* [INSTRUCTIONS FOR THE TASK]
Start with the line that holds "按照《中华人民共和国船舶安全". Please copy it and each remaining line below exactly, leaving pictures out.

* [RECORDS PROVIDED]
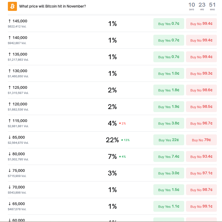 Polymarket 的交易員正在圍繞疲弱情緒佈局,認爲 BTC 更可能跌向 85,000美元,而上漲情景幾乎沒人押注。
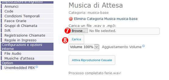 ATTENZIONE: Le chiamate attraverso le linee telefoniche mondiali supportano toni fino a 8000khz , se inserisci file di qualità diversa il risultato potrebbe non essre ottimale
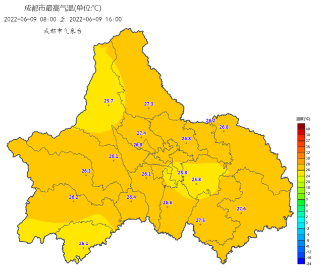 截止16时全市最高气温出现在简阳达27.6℃
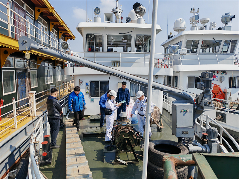 按照《中华人民共和国船舶安全监督规则》等海事法规和有关文件要求,结合船舶首航出坞防污染、内河船舶配员等专项检查,海事安检员规范实施了本次监督检查,发放《船舶安全监督廉政执法告知书》,核查船舶证书和船员证件的有效性,检查船舶文书是否规范记载,船员是否满足配员要求和具备履职能力,并对船体、船舶动力设备、系泊设备、消防设备、救生设备和防污染设施设备,以及无线电设备、号灯、号型、声响信号、信号旗等进行了详细检查。最后,安检员现场签发了《船旗国监督检查报告》,开具了安检缺陷项,要求船方在开航前纠正。
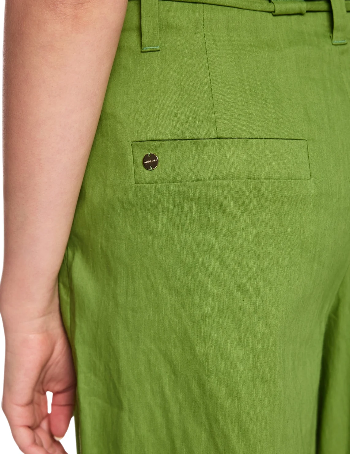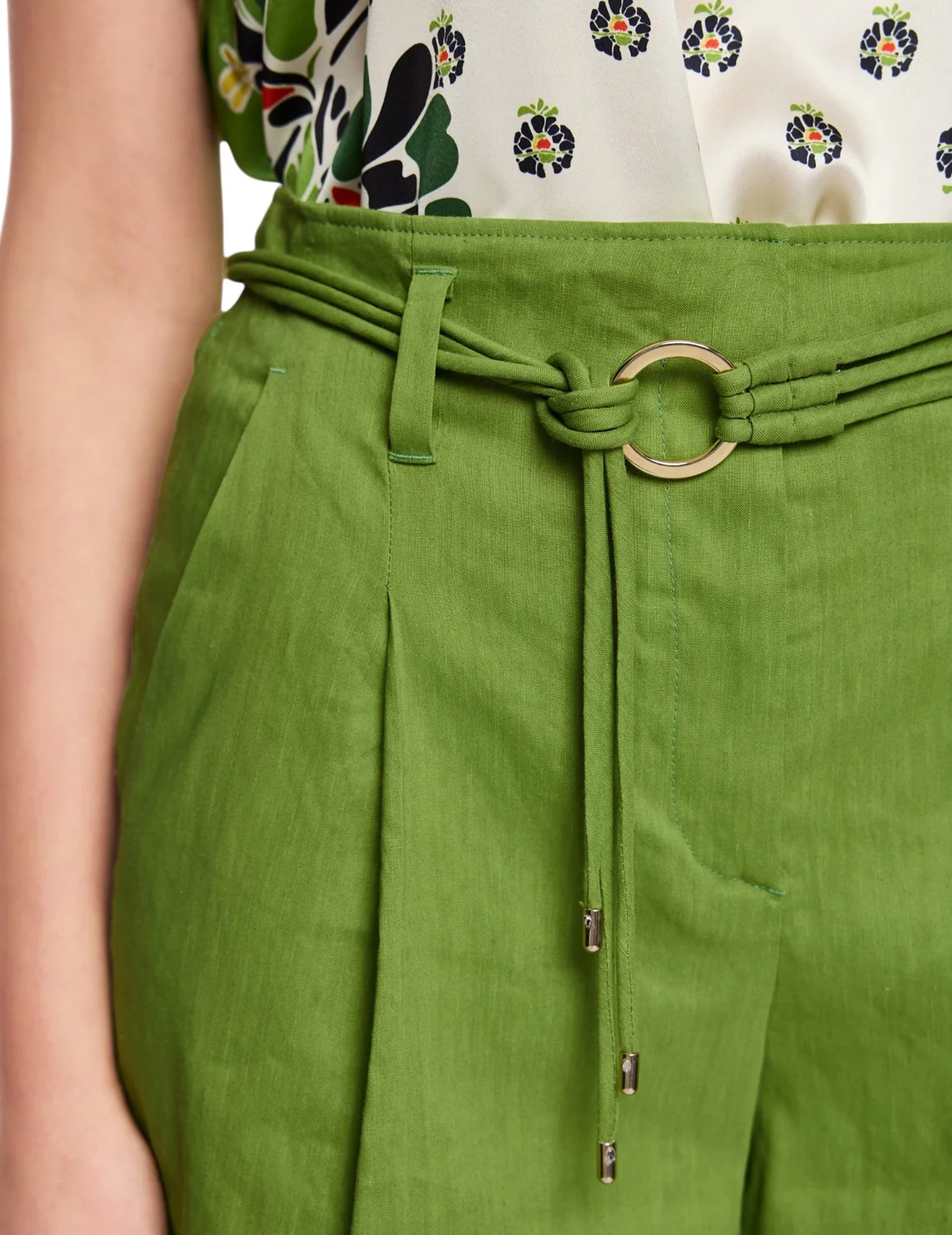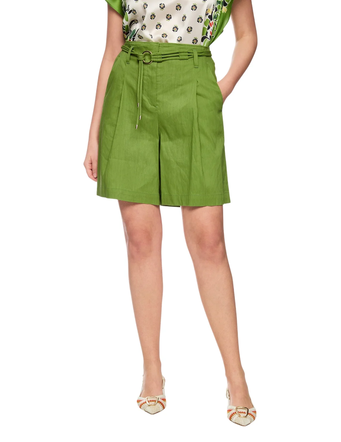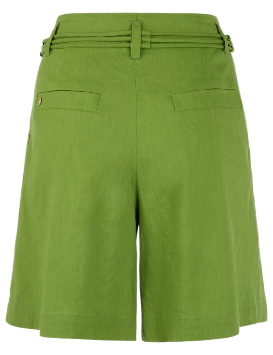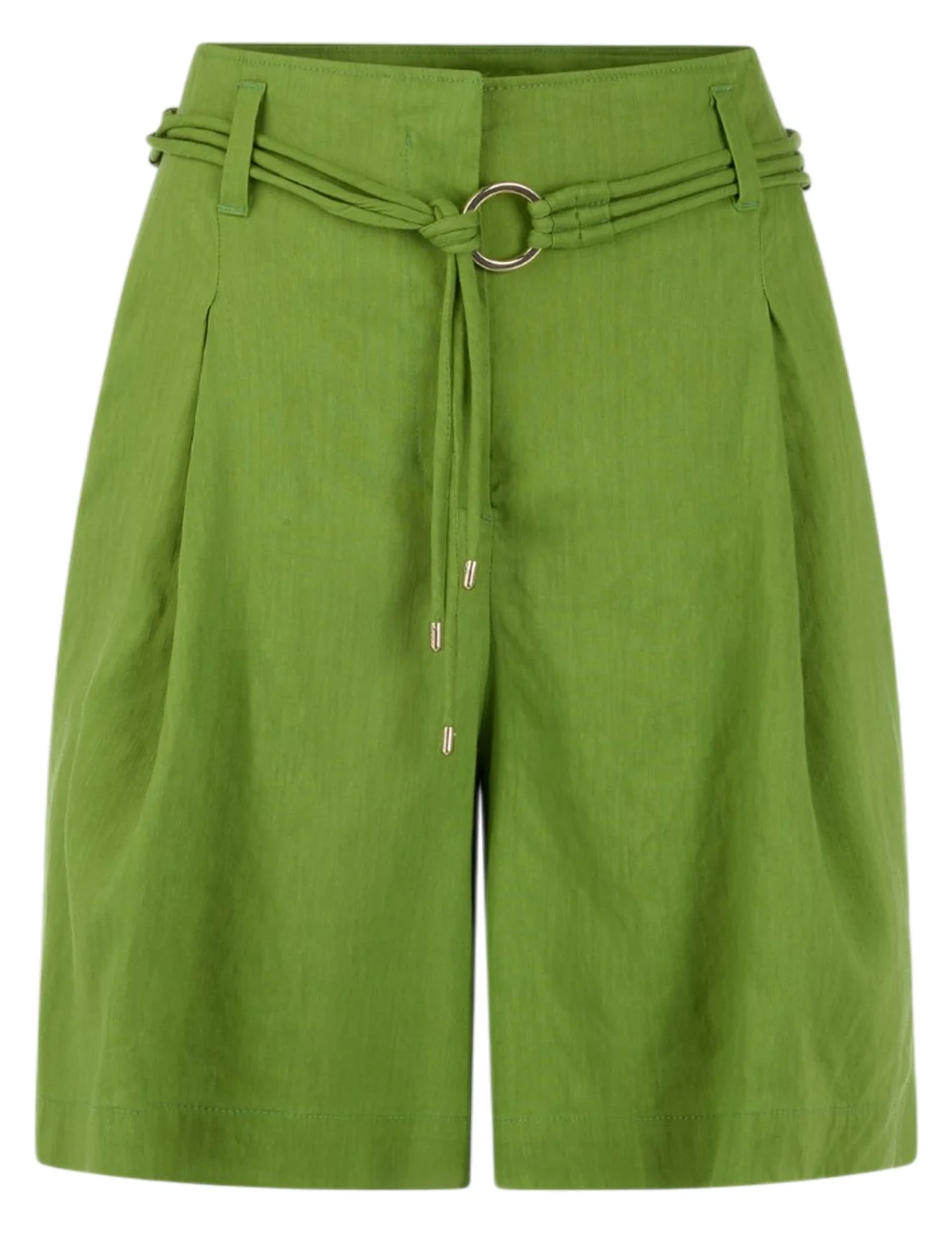 Шорты изготовлены из льна с добавлением вискозы и эластана. Выполнены в прямом крое. Имеют шлевки для ремня, пояс в тон, складки и прорезные карманы. Застёгиваются на молнию и крючок.

* [RESPONSE TO THE EXERCISE]
 按照《中华人民共和国船舶安全监督规则》等海事法规和有关文件要求,结合船舶首航出坞防污染、内河船舶配员等专项检查,海事安检员规范实施了本次监督检查,发放《船舶安全监督廉政执法告知书》,核查船舶证书和船员证件的有效性,检查船舶文书是否规范记载,船员是否满足配员要求和具备履职能力,并对船体、船舶动力设备、系泊设备、消防设备、救生设备和防污染设施设备,以及无线电设备、号灯、号型、声响信号、信号旗等进行了详细检查。最后,安检员现场签发了《船旗国监督检查报告》,开具了安检缺陷项,要求船方在开航前纠正。
 Шорты изготовлены из льна с добавлением вискозы и эластана. Выполнены в прямом крое. Имеют шлевки для ремня, пояс в тон, складки и прорезные карманы. Застёгиваются на молнию и крючок.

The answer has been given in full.